*RECORDS SHOWN*:
>>>>

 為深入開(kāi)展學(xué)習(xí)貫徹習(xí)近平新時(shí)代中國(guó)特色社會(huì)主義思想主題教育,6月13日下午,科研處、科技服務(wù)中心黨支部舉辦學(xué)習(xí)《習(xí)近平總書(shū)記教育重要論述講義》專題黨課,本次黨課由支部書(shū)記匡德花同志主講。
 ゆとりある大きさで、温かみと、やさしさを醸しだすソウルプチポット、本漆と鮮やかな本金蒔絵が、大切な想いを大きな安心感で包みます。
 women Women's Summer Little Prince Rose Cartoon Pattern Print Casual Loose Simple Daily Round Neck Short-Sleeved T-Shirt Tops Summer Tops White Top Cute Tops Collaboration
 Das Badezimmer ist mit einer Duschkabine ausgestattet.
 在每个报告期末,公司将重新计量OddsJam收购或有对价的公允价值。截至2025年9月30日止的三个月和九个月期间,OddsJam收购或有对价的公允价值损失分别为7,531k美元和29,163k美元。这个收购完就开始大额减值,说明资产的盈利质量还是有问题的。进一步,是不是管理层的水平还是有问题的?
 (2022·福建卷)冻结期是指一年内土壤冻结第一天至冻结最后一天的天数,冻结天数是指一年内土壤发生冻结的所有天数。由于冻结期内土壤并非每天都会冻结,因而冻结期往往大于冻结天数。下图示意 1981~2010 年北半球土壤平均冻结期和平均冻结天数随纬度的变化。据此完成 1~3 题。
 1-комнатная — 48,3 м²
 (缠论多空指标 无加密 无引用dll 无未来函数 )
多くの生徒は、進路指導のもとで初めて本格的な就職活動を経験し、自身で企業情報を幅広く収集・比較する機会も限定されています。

<<<<
>>>>

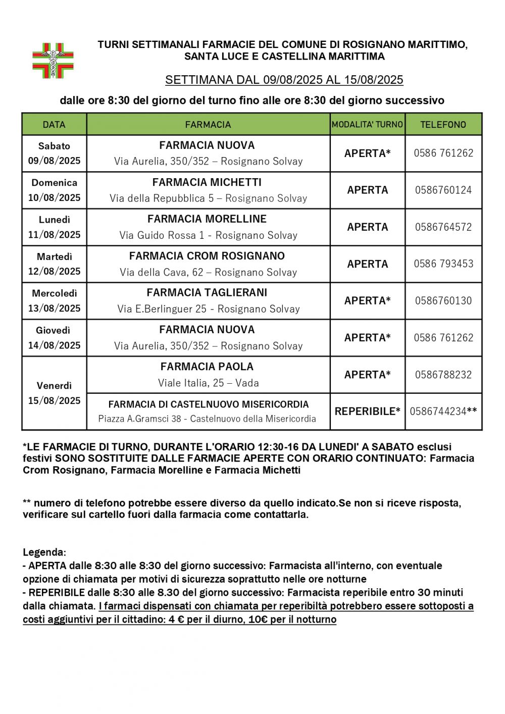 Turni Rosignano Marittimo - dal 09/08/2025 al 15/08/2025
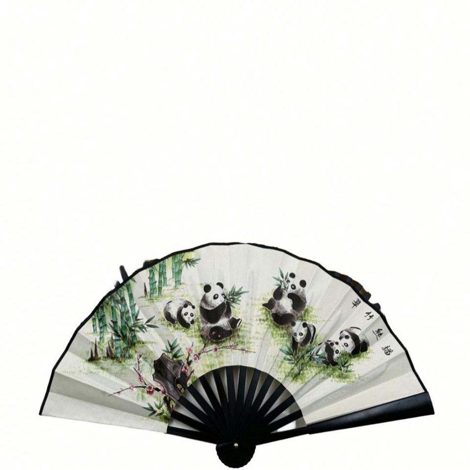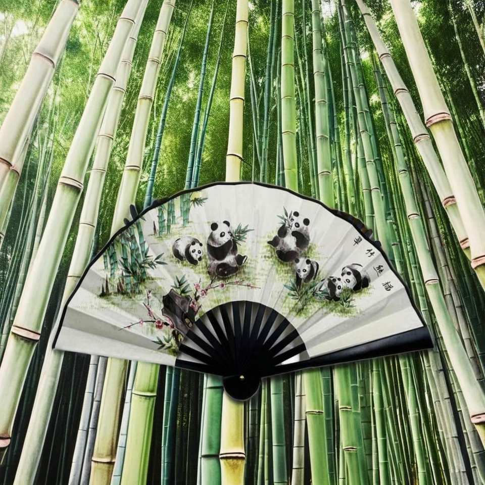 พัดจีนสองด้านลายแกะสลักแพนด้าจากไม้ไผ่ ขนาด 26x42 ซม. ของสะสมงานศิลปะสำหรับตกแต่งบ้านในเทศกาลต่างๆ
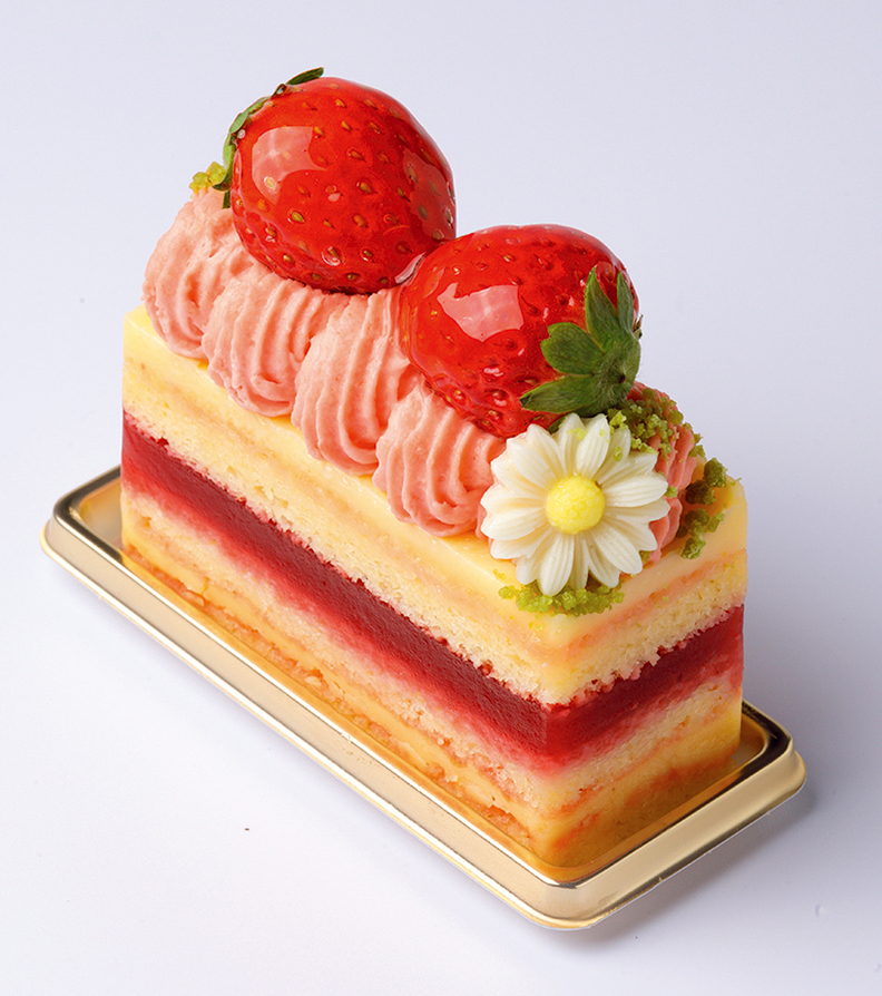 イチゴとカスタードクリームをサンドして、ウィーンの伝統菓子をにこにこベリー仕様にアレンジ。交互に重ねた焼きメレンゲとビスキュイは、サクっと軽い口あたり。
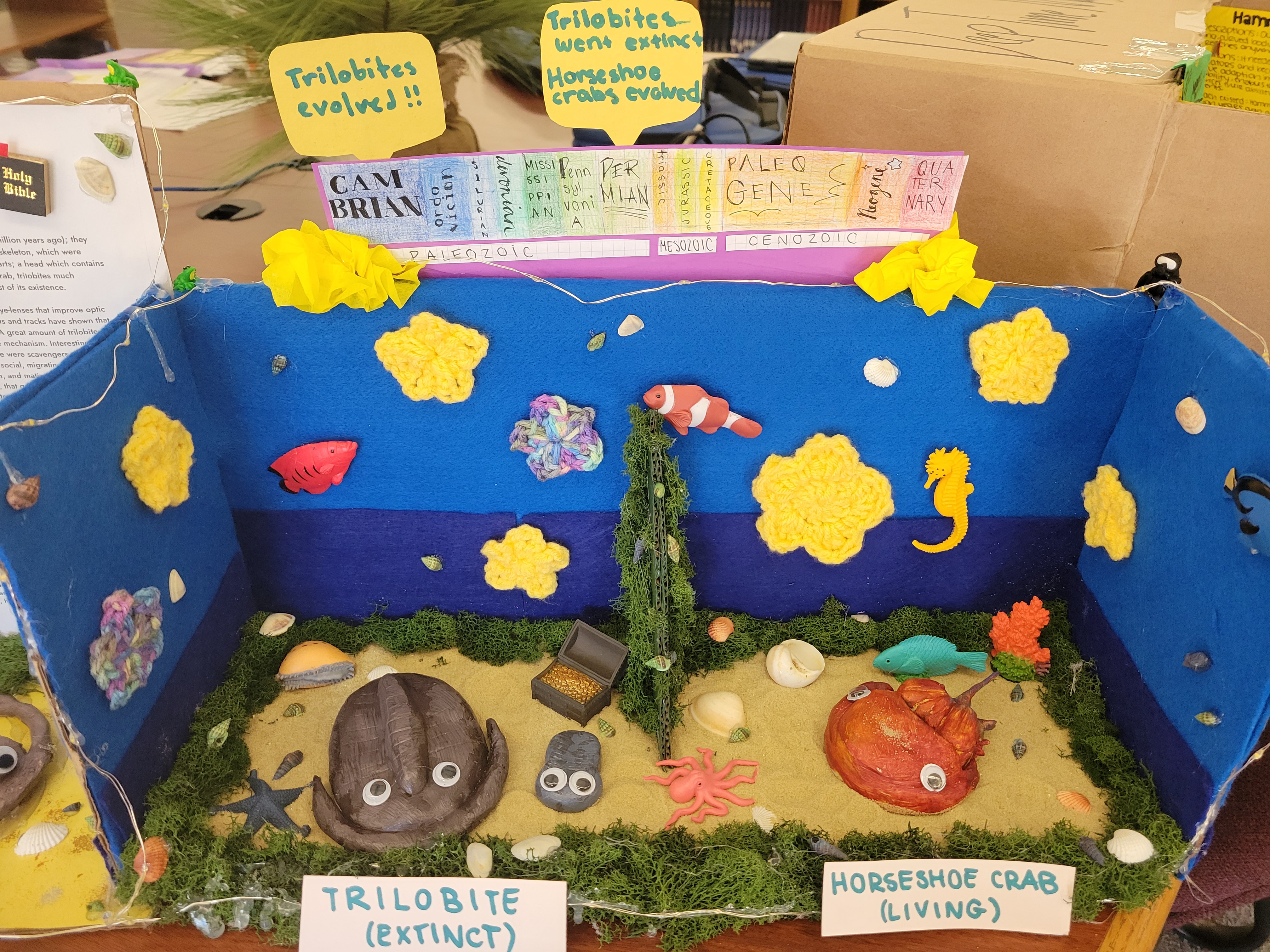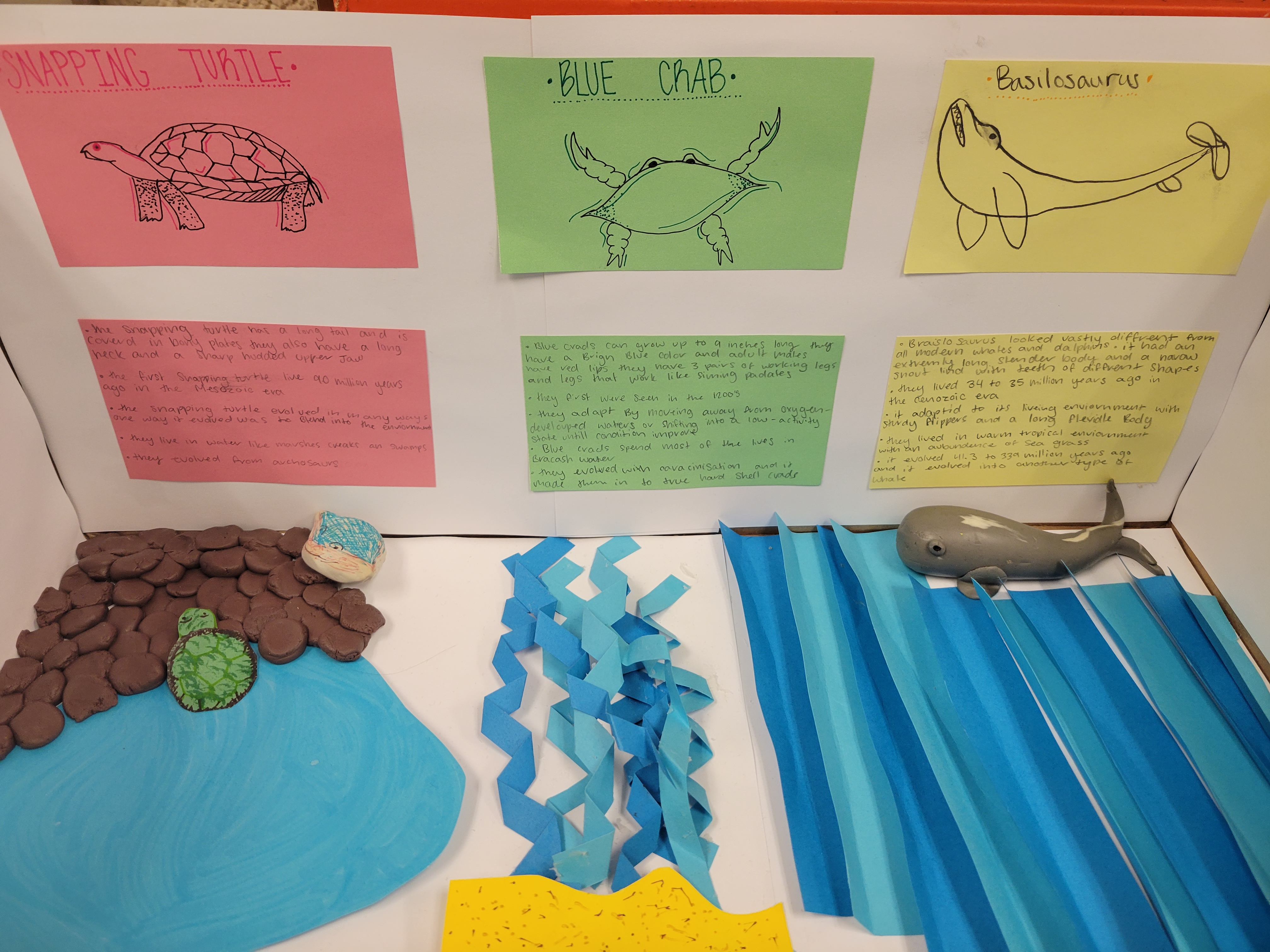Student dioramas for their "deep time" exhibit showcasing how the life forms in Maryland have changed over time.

<<<<

*TASK*:
When the line with "為深入開(kāi)展學(xu" is reached in the data above, begin copying, and stop after the line with "ゆとりある大きさで、温かみと"; copy each line exactly, both ends included.

*SOLUTION TO THE PROBLEM*:
 為深入開(kāi)展學(xué)習(xí)貫徹習(xí)近平新時(shí)代中國(guó)特色社會(huì)主義思想主題教育,6月13日下午,科研處、科技服務(wù)中心黨支部舉辦學(xué)習(xí)《習(xí)近平總書(shū)記教育重要論述講義》專題黨課,本次黨課由支部書(shū)記匡德花同志主講。
 ゆとりある大きさで、温かみと、やさしさを醸しだすソウルプチポット、本漆と鮮やかな本金蒔絵が、大切な想いを大きな安心感で包みます。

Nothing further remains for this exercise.